Core to Core Transfer Analysis

ltcommander_data

Distinguished
Dec 16, 2004
997
0
18,980
I've noticed that X-Bit Labs has been slow to update itself lately, but it seems it's because they've been cooking up an interesting article.

http://www.xbitlabs.com/articles/cpu/display/dualcore-dtr-analysis.html

This is the first, that I know of, in depth analysis of core to core transfers in dual core, HT-enabled, and multiprocessor systems. I've only had to to briefly glance over the article, but the results are fascinating to say the least.

First, it seems that the much touted Crossbar mechanism isn't working. It appears to be a limitation in the cache-coherency protocol, but the AMD X2 appears to always read data from the first core to the second core via RAM rather than through the Crossbar.

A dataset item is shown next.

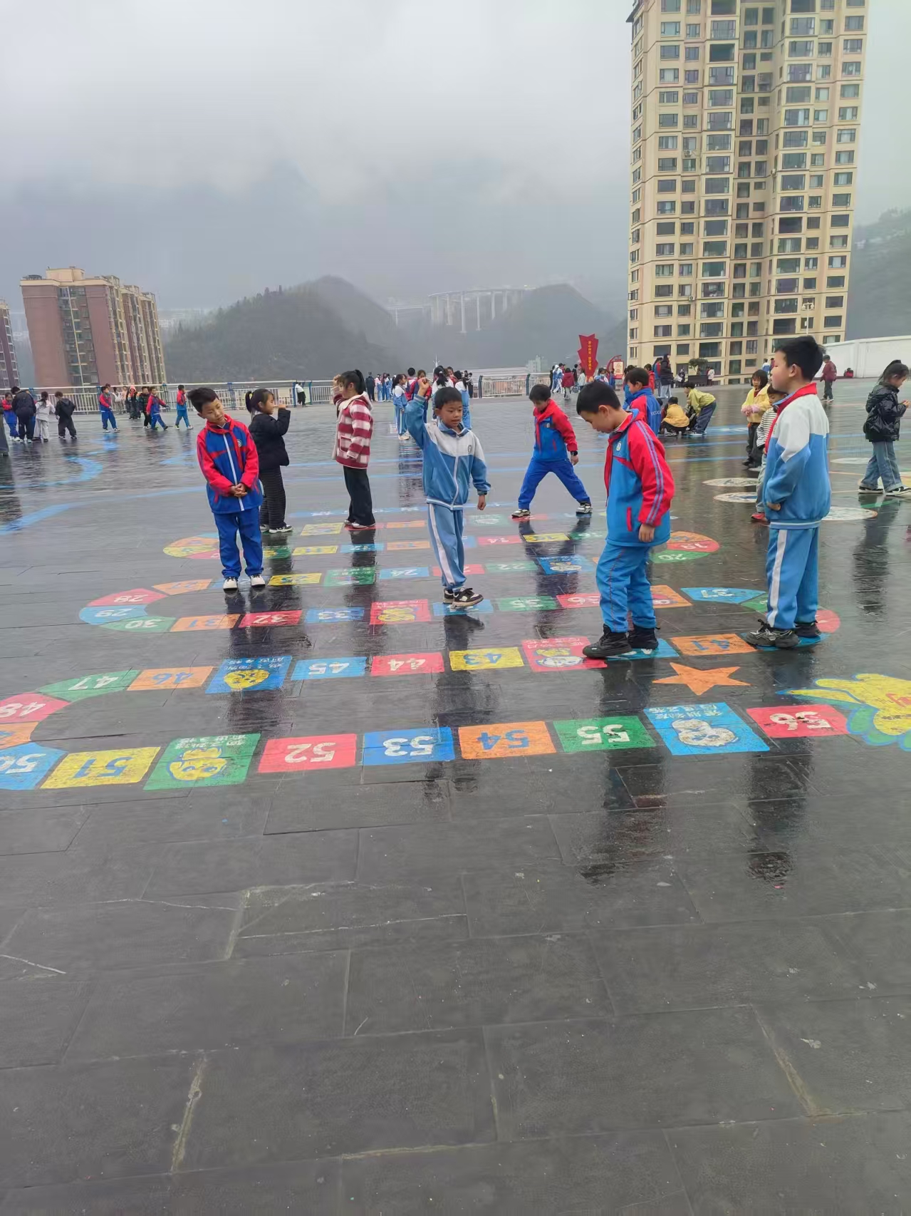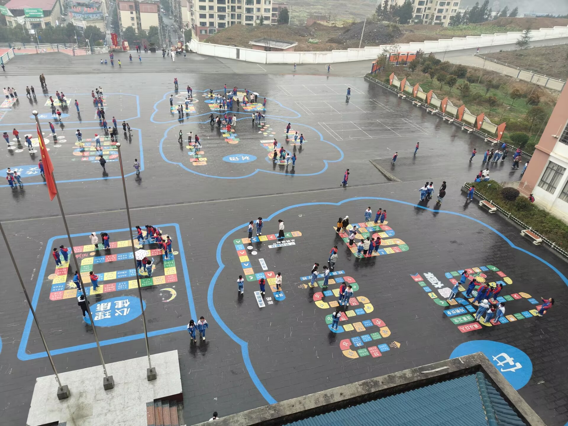 新学年新气象,赫章县野马川镇中心小学的学生们迎来了最特别的开学仪式。看,孩子们兴奋好奇地围在一个个色彩斑斓的地面游戏图案前,发出一声声赞叹。“我最喜欢玩成语接龙”“数学迷宫太有意思了”我跳远比较厉害”.......孩子们边玩边说,欢快的笑声在操场上空回荡。

Luckily, the latencies of the IMC are low.

Second, they actually have an evaluation of the shared cache mechanism on both Yonah and Conroe. Needless to say, the system works very well compared to K8, since K8 is limited by the Crossbar not functioning. Sadly, I can't help but shake my head at Intel for making big strides but not going all the way. They implemented a nice and large 4MB L2 cache, but they didn't bother to increase the TLB since it appears to only be able to serve a 1024KB cache. Anything after that and it needs to go to the page translation tables to convert addresses which increases latency. Yonah has the same 1MB TLB limit.

A second wierd issue is that although L2 core to core transfers work properly, L1 core to core transfers do not. It appears to be similar to the limitation that AMD has with it's Crossbar where, L1 transfers in Conroe must go through the FSB rather than the L2 cache. This seems wierd to me since the inclusive architecture of Intel's caches should always allow the L2 cache to have a copy of whatever is in the L1 caches. The article mentions this is a consequence of the write back mechanism so I guess that although there is a copy of the L1 cache in the L2, that copy may not be the most recent copy since it isn't updated all the time and only when the L1 cache line is ousted. When the 2nd core requests data and the L2 cache records a cache miss and the most recent data is in the L1 cache of the 1st core, Conroe sends the 1st core's L1 cache contents to the FSB and back to the 2nd core instead of copying directly to the L2 cache. Yonah has the same problem and it seems really retarded if you ask me. I guess this L1 FSB limitation was why Intel was trying to implement direct L1 to L1 cache transfers in Conroe. However, given that that clearly didn't occur in the review and Intel no longer mentions that feature it has probably be delayed or canceled. It would have been interesting to see how direct L1 to L1 transferring works in a true quad core design. In any case, the L1 core to core transfer issue is improved over Yonah thanks to the faster FSB. This issue only occurs when reading data modified by the 1st core since both cores can read unmodified data at full speed.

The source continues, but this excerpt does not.